= Your objective =
Return the listing below exactly. Leave its pictures out.

= Supplied data =
○ ○ ○ ○ ○ ○ ○
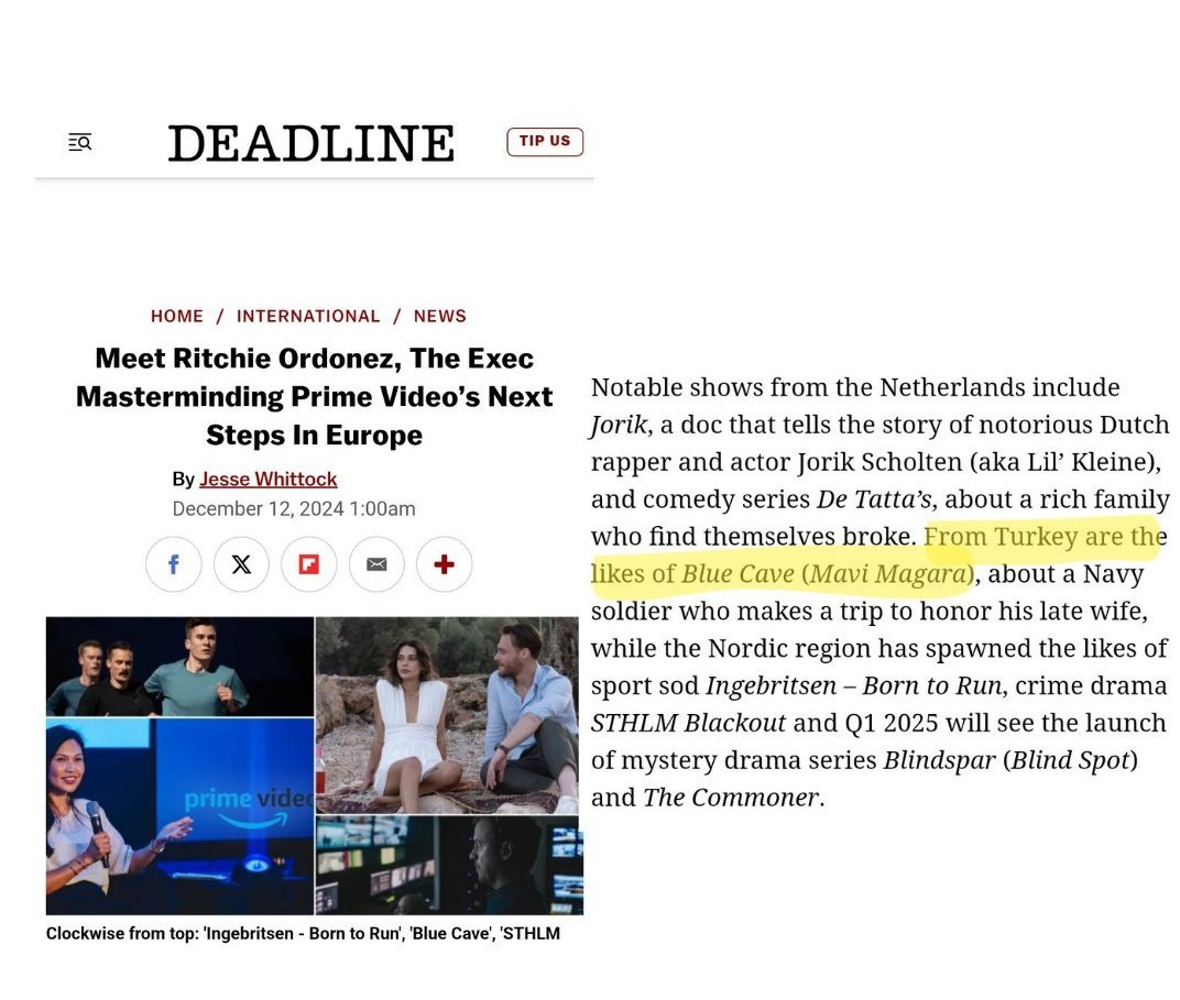 "Синята пещера" в статия на холивудския сайт Deadline за предавания на Prime Video, които трябва да се гледат. https://deadline.com/2024/12/prime-video-europe-ritchie-ordonez- … rview-1236196241/
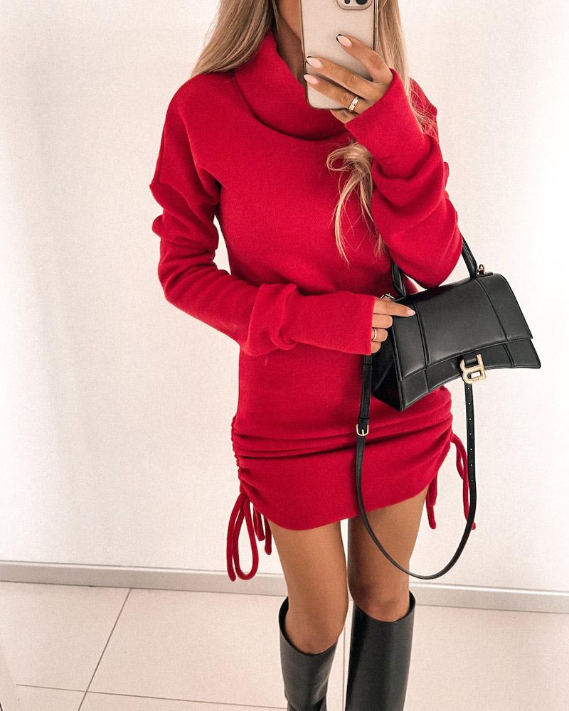 Drawstring Ruched Turtleneck Long Sleeve Dress
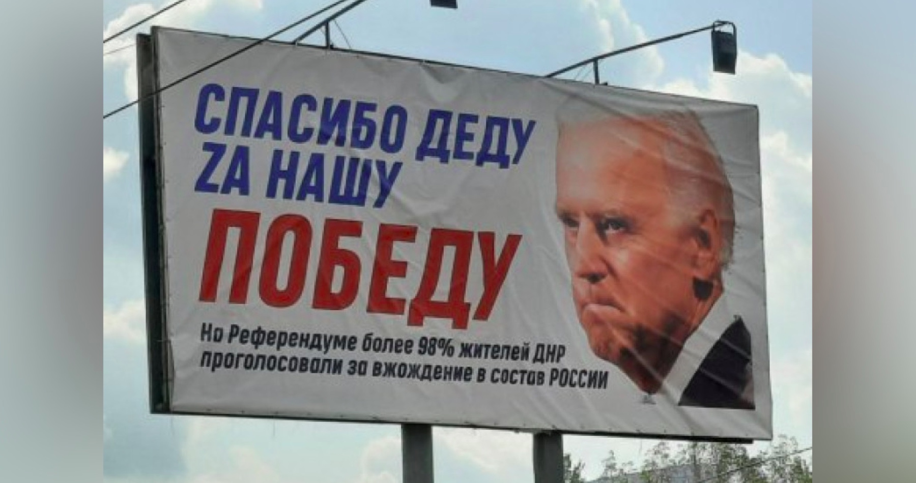 Ve čtvrtek se v Doněcku objevily billboardy s americkým prezidentem Joem Bidenem a s obrázkem šéfky Evropské komise Ursulou von der Leyen. V případě Bidena je na plakátech nápis “Děkujeme dědovi za naše vítězství!“ a Ursula tam má nápis “Vypij kalich hořkosti až do dna!“ ve smyslu poděkování těm dvěma, kteří se nejvíce zasloužili o urychlení referend, protože bez tlaku Západu by se Moskva jen tak nerozhoupala. Z pohledu obyvatel Donbasu je opravdu paradoxně největší zásluha za připojení k Rusku na straně představitelů EU a USA, kteří 8 let tlačili Kyjev do sabotování a neplnění Minských protokolů, což byla jediná cesta k mírovému urovnání občanské války na Ukrajině.
○ ○ ○ ○ ○ ○ ○
= Your response =
 "Синята пещера" в статия на холивудския сайт Deadline за предавания на Prime Video, които трябва да се гледат. https://deadline.com/2024/12/prime-video-europe-ritchie-ordonez- … rview-1236196241/
 Drawstring Ruched Turtleneck Long Sleeve Dress
 Ve čtvrtek se v Doněcku objevily billboardy s americkým prezidentem Joem Bidenem a s obrázkem šéfky Evropské komise Ursulou von der Leyen. V případě Bidena je na plakátech nápis “Děkujeme dědovi za naše vítězství!“ a Ursula tam má nápis “Vypij kalich hořkosti až do dna!“ ve smyslu poděkování těm dvěma, kteří se nejvíce zasloužili o urychlení referend, protože bez tlaku Západu by se Moskva jen tak nerozhoupala. Z pohledu obyvatel Donbasu je opravdu paradoxně největší zásluha za připojení k Rusku na straně představitelů EU a USA, kteří 8 let tlačili Kyjev do sabotování a neplnění Minských protokolů, což byla jediná cesta k mírovému urovnání občanské války na Ukrajině.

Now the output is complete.